This post is a review of a photographers work. The photographer in question would not consider herself a "true" photographer, but I do. In a time when titles and labels often mean more than they should, she is a prime example of the true meaning of a gifted amateur.

I have known Peta Frost for a long time. She was a work colleague and friend of my wife's on and off for more than 20 years, and has always kept in touch.

Now semi retired allowing her to succumb fully to the effects of her travel bug, Peta is showing a natural photographers eye, curiosity fuelled and sensitivity moulded. A natural eye is a great gift. My wife also has a great eye, possibly tainted by too much exposure to me, but strong none the less.

My first contact with Peta's image making came in the form of a little Canon compact camera, purchased from the shop I was working at several years ago. This went to Morocco, a favourite destination and came back laden with great images. She stretched that little camera as far as it would go and then some. It was clear to me, she had more potential than the camera could service, an ideal situation really (I have sold plenty of cameras over the years that are never going to be fully stretched or even fully understood by their owners). 

This is often a tipping point for active photographers. Many a time, a customer or friend would upgrade from the camera that gave them so much satisfaction, only to be disappointed that their flash new camera not only fails to make their images noticeably better, but that added complication has stolen their comfort zone away**.

Very National Geographic 1960's, this image has been processed to bring out the mood and depth it showed, using the cameras short comings to full advantage. A great example to me of what emotion and character can do more powerfully than sterile perfection.

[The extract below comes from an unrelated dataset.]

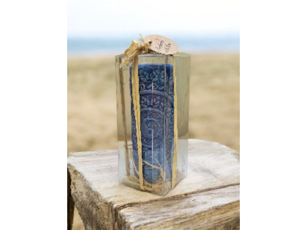 Elegantní ručně odlévaná svíčka ze sojového vosku, uložená v průhledné dárkové krabičce a převázaná přírodním lýkem, je krásným a voňavým doplňkem do každého interiéru. Modrá svíčka zdobená detailním reliéfem působí harmonicky a stylově – ideální jako dárek k narozeninám, Vánocům, svátku nebo jen tak pro radost.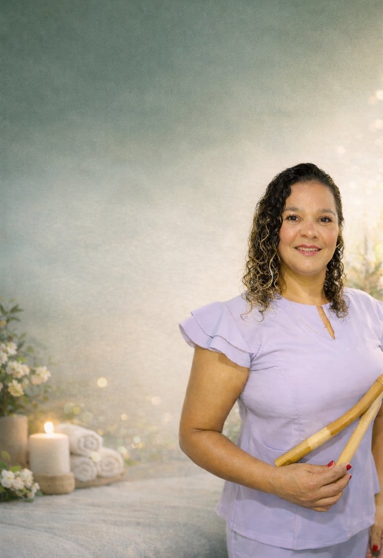 Técnica terapêutica que utiliza hastes de bambu para aliviar tensões musculares, estimular a circulação e promover relaxamento profundo, proporcionando sensação de leveza e bem-estar.

The next trip would be to Norway in the winter, pretty much semi darkness at best. This would be beyond any normal compact. Peta was in luck though, as I was just starting to come to terms with a one brand kit, choosing Olympus, primarily because of the size of my investment in their gear and the work flow I had developed. The best Fuji I owned was actually the cheapest (XA-1), so we made a mutually beneficial deal. I found a good home for the camera and Peta got the ideal upgrade.

The Xa1 is the little camera that could. It does not have the unusual and problematic (at the time of production especially) Fuji sensor and processor combination, but rather the normal Bayer type. The Fuji colour was intact, along with the sharpness, but no strangeness in processing. It was also ridiculously good in low light. I still wonder why Fuji pushed their more exotic sensor so hard, when this more conventional one delivered everything the other could, without the quirks?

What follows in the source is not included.